How a Massive Shift to Working From Home Leaves an Enterprise’s Cybersecurity Vulnerable

The Coronavirus has effectively pressed a giant pause button on the world and caused many workers to change their schedules in a major way by packing up and continuing their work from home.

Working from home may seem like a benefit of the virus at first, but many parents are struggling with childcare issues, other people have a problem with noisy roommates or an unsafe home environment, and though it isn’t on the forefront of most people’s minds right now, cybersecurity becomes a much bigger, more complex issue when workers are asked to do their jobs from home.

Many companies are scrambling to find a way to better protect their now-remote team of employees, and as they do so, hackers will take every advantage to find the weaknesses in these spread-out company networks.

Artificial Intelligence endpoint security platform, SentinelOne has provided data that shows from February 23 to March 16 there was an upward trend of attempted attacks with peaks at 145 threats per 1,000 endpoints, compared to 30 or 37 at the start of that period.

The new normal has cast a harsh light on inadequacies many companies have when facing connectivity safeguards required for businesses to function.

When the Work-from-Home orders came trickling in, many people looked to VPNs as the obvious weak-point, but as the virus has spread so too have the security weaknesses.

Companies which did not previously have employees working remotely found that their tools were not designed to work safely off-site with a distributed workforce, not to mention utilizing a VPN or over the internet.

Often companies depend on local network security controls and tools, which means they are not protected at all while having employees work remotely.

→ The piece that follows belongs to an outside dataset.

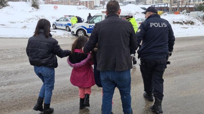 Polis aracı ile ifadesi alınmak üzere karakola getirilmek istenen sürücü aracında çocuklarının olduğunu hatırlayınca polisler, yaşları küçük 3 kız çocuğunu da araçtan alarak babaları ile birlikte polis otosuyla karakola getirdi.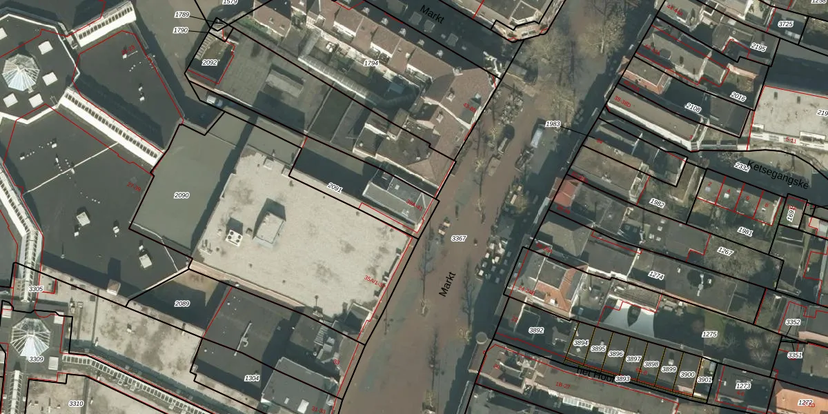 Het perceel waarop Markt 39-B staat heeft een oppervlakte van 474 m². Dit is een groot perceel. De perceeloppervlakte wordt geregistreerd door het Kadaster. Gedetailleerde informatie over de maten van dit perceel kunt u vinden in het rapport Kadastrale kaart met maatvoering van Markt 39-B.

Company equipment left behind as workers shifted to home-desks has been left unmonitored and its vulnerability has only magnified as employees, outside the vision of security teams, connect their own, unsecure devices to company assets.

The surge in virtual conferencing, video chatting, and other collaborative platforms could expose more vulnerabilities for hackers to exploit as well, with the potential for impersonation and data breach being very high.

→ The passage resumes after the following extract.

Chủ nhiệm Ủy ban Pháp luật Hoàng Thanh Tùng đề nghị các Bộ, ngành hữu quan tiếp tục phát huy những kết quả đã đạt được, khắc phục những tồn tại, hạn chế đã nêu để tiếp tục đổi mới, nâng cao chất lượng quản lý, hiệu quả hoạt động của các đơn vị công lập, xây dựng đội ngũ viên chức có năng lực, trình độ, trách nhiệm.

Phishing emails also need to be considered when clicking on or responding to anything in your inbox, particularly anything related to COVID-19 as phishers are having a field day feeding off of the news.

Right now is a very uncertain time, and hackers are feeding off of these fears in order to lure people into clicking their dangerous links or exposing vulnerable data. It is important for companies to be armed with tools capable of detecting a breach be it on-premise or on the cloud in real time.

Currently most cybersecurity companies offer Supervised Learning-based AI security models which rely on labeling to catch future breaches. However, it is very difficult to know exactly what a hack is going to look like in the future. With zero-day attacks, for example, it is impossible.

Unsupervised or Context-Aware AI does not need to know what an intruder will look like in order to catch it, which only makes sense as hackers are constantly changing and adapting to the trends of the times.